44.1 52.0 67.4 76.1 88.7 93.5

Merchandise exports, f.o.b. (in millions of U.S. dollars)

20.1 26.6 38.1 38.1 38.9 40.5

(annual percentage change)

0.7 32.5 43.4 0.0 2.0 4.0

Merchandise imports, f.o.b. (in millions of U.S. dollars)

74.6 86.8 106.8 124.7 140.3 170.9

(annual percentage change)

-4.5 16.4 23.1 16.7 12.5 21.8
             

Gross official reserves (end of period)

           

In millions of U.S. dollars

36.4 44.3 62.1 67.6 99.1 118.9

In months of corresponding imports of goods 4/

5.0 5.2 6.0 5.6 7.2 7.1
             

Public Debt debt

           

Total debt (in percent of GDP)

44.4 43.0 38.5 32.2 30.6 27.3

External debt (in percent of GDP) 5/

28.8 26.6 24.2 19.7 18.5 16.6

External debt service 6/

1.4 1.5 1.7 3.3 1.6 1.7

Sources: Vanuatu authorities, and IMF staff estimates and projections.

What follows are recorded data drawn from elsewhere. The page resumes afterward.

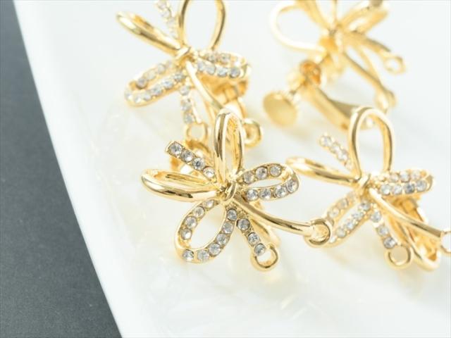イヤリングパーツ ニッケルフリー 変色防止加工済 リボン アクセサリー パーツ ゴールド 22mm 10ペア ストーン付 金属アレルギー対応 問屋
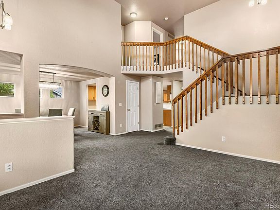 Welcome Home to your peaceful cul-de-sac living! This home immediately draws you in with VAULTED CEILINGS in the entry and living room. The living space in this home is vast with SIX BEDROOMS + Main floor office with a walk in closet. The office can be used as a 7th bedroom. Newer plush carpet throughout the home with upgraded pad. There is a Family Room, Dining Room and huge Eat-in Kitchen with tons of counter space. Upstairs has three capacious Guest Bedrooms as well as a large Primary Bedroom. The oversized Primary bedroom features a HUGE ensuite bathroom with HEATED FLOORS and enormous walk-in closet. Downstairs in the basement you will find a SECOND PRIMARY SUITE, with a large ensuite heated-floors bathroom, additional bedroom, unfinished exercise/storage room and a basement family room. Tons of storage also available in the crawl space. Backyard is over-sized at almost 1/3 of an acre, with a patio, shed, fire pit area, and garden boxes. Enjoy ridiculously low electric bills with the SELLER OWNED SOLAR PANELS, most electric bills average about $5 a month. Fall in love with the garage with the tandem 3 car. Use it as a workshop or have room for 3 cars. Location is amazing with this property, minutes from the Denver Premium Outlets, near parks, open space, and walking trails. Gorgeous mountain views in the front of the home. Easy commute downtown via I-25 and only 2 miles away from the light rail train station. Neighborhood schools such as the prestigious Stargate Charter School just a few min drive away. Two year old water heater, furnace and A/C units regularly serviced. All information provided deemed reliable but not guaranteed.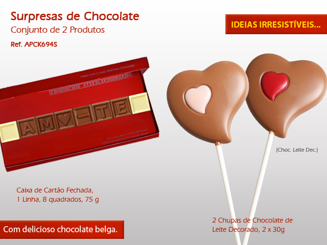 Ref. APCK694S - ChocoTelegram AMO-TE + 2 Chupas de Chocolate Coração, 2x30 g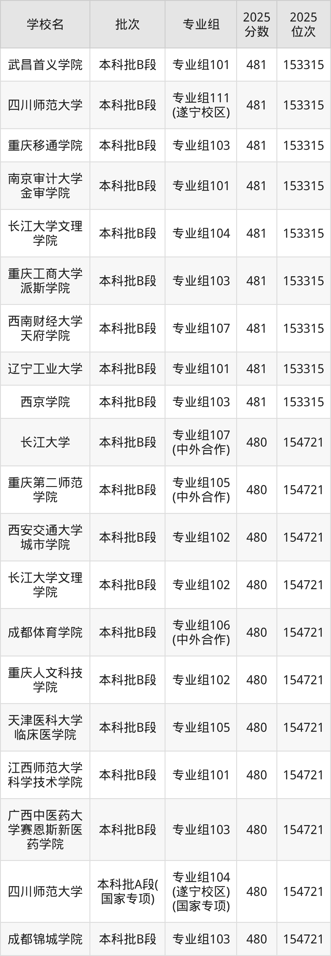 二、四川480分位次排名能上的大学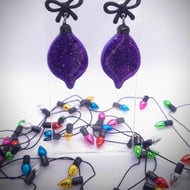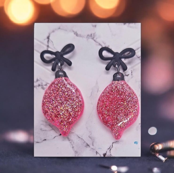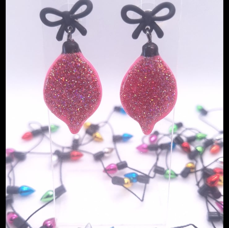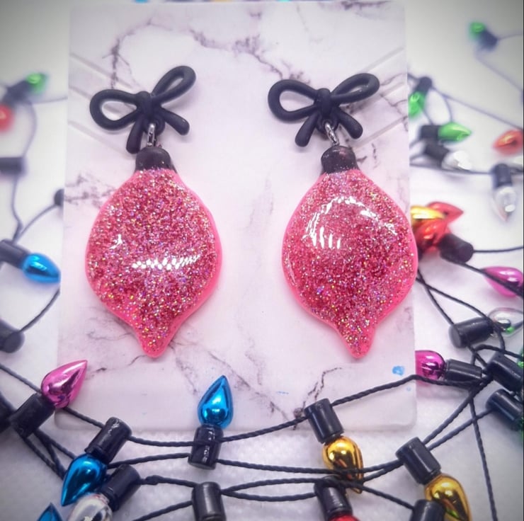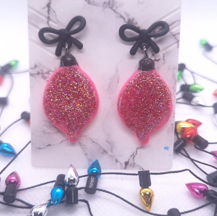 Sparkly pink christmas light/bauble earrings. Handmade from polymer clay and resin.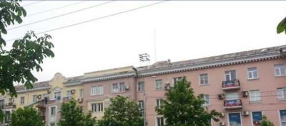 При этом пользователи социальных сетей сообщают, что городские коммунальщики вывешивают флаги незаконной группировки на внешней стороне балконов дончан.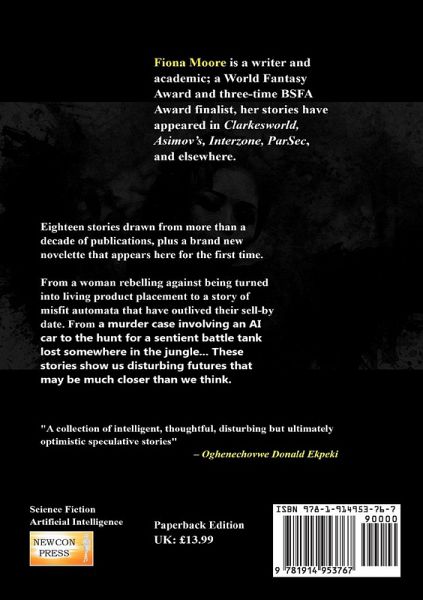 Fiona Moore is a Canadian-born academic, writer and critic living in London. Her work has been shortlisted for BSFA Awards and a World Fantasy Award. Her short fiction has appeared in Clarkesworld, Asimov's, Interzone, ParSec and elsewhere, and has been selected for four consecutive editions of The Best of British Science Fiction. Eighteen stories drawn from more than a decade of publications, plus the title story: a brand new novelette that appears here for the first time. From a woman rebelling against the corporation that has turned her into living, breathing product placement to a story of misfit automata that have outlived their sell-by date. From a murder case involving an AI car to the hunt for a sentient battle tank lost somewhere in the jungle... These stories show us disturbing futures that may be a lot closer than we like to think. Contents: Terms And Conditions Morning in the Republic of America Selma Eats Doomed Youth Leave Only Footprints The Ghosts of Trees Push A Little Button The Island of Misfit Toys Mnemotechnic The Kindly Race Proteus in the City That Fish Sex Movie Rabbit Season The Mouse Trap The Stepford App Jolene The Lori Human Resources Every Little Star About the Author Of The Lori: "From a technology perspective, this is a beautiful example of how real AI might fail." - Rocket Stack Rank Of Every Little Star: "It's a great story, well thought out and well dramatized" - Locus (staff pick)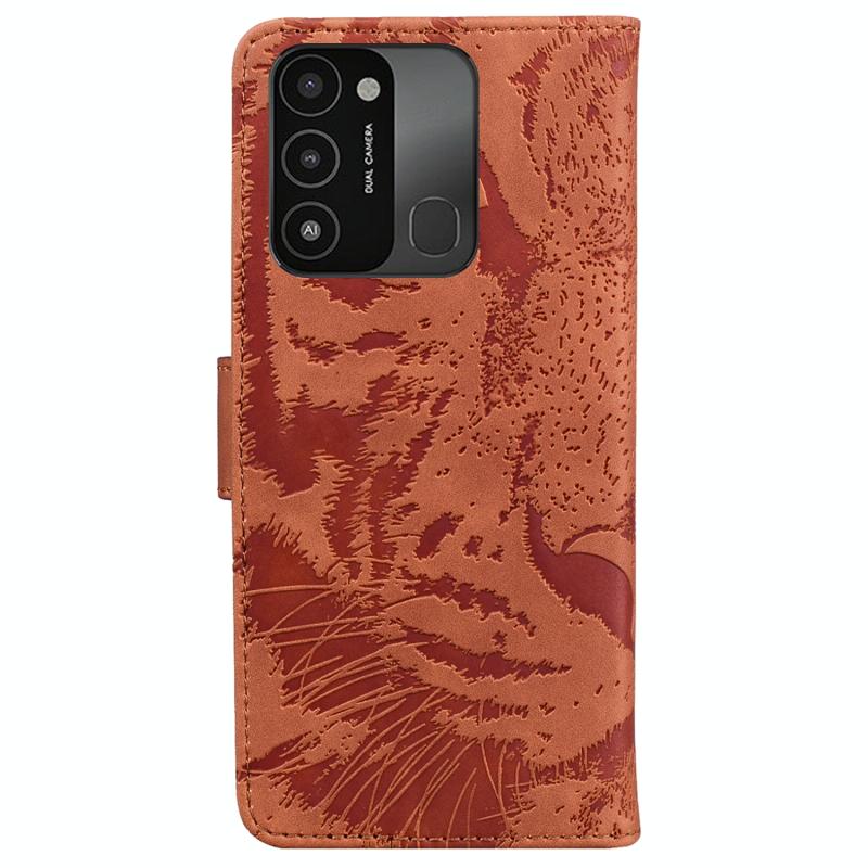 Θήκη τηλεφώνου δερμάτινη, οριζόντιας αναδίπλωσης, με ανάγλυφο σχέδιο τίγρης για Tecno Spark Go 2022 / Spark 8C (Ροζ)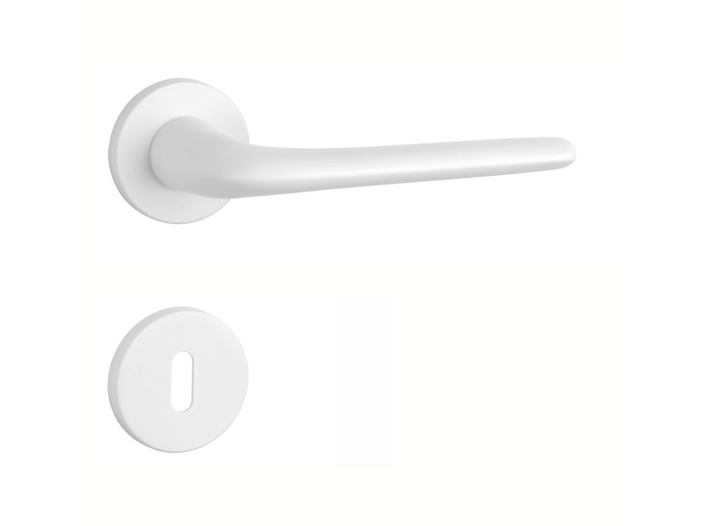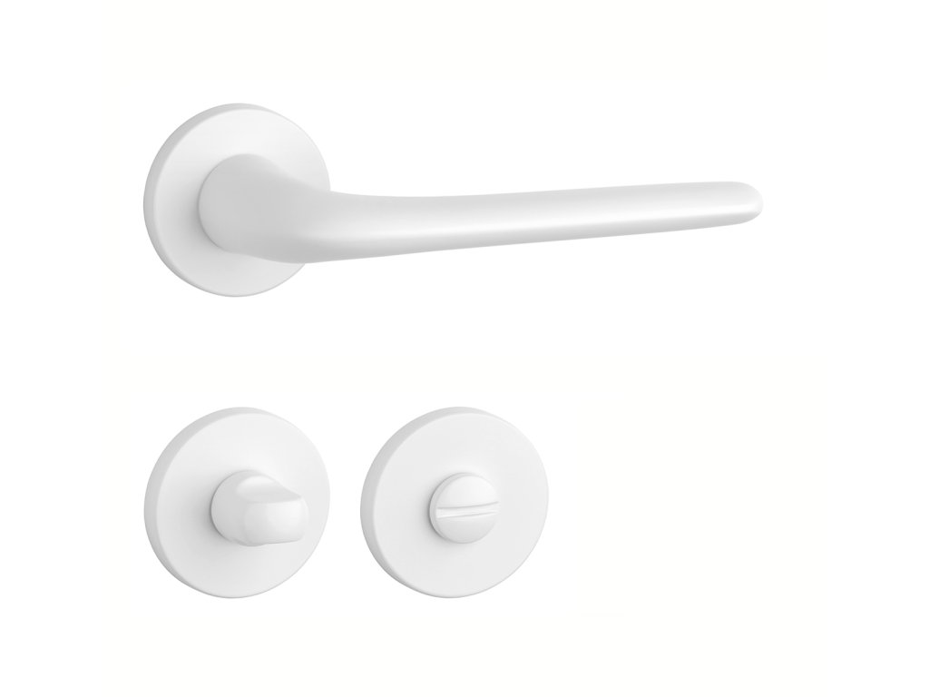 Rozetová klika na interiérové dveře s kulatou rozetou je vyrobena z materiálů vysoké kvality - zamak a je povrchově upravena. Rozeta má průměr 52 mm a tloušťku jen 7 mm. Minimalistický design rozety s vysokou stabilitou kliky na dveřích působí jemně, a tím ponechává prostor pro vyniknutí designu samotné kliky.

1/ Figures in 2006 and 2007 are staff projections.

2/ Includes Millennium Challenge Account (MCA) project grand which was launched in 2006.

3/ Assumes 20-25 percent civil service wage increase beginning July 2006.

4/ Imports values are on c.i.f. basis.

5/ Medium- and long-term public debt only.

6/ In percent of exports of goods and nonfactor services.


1 Under Article IV of the IMF's Articles of Agreement, the IMF holds bilateral discussions with members, usually every year. A staff team visits the country, collects economic and financial information, and discusses with officials the country's economic developments and policies. On return to headquarters, the staff prepares a report, which forms the basis for discussion by the Executive Board. At the conclusion of the discussion, the Managing Director, as Chairman of the Board, summarizes the views of Executive Directors, and this summary is transmitted to the country's authorities.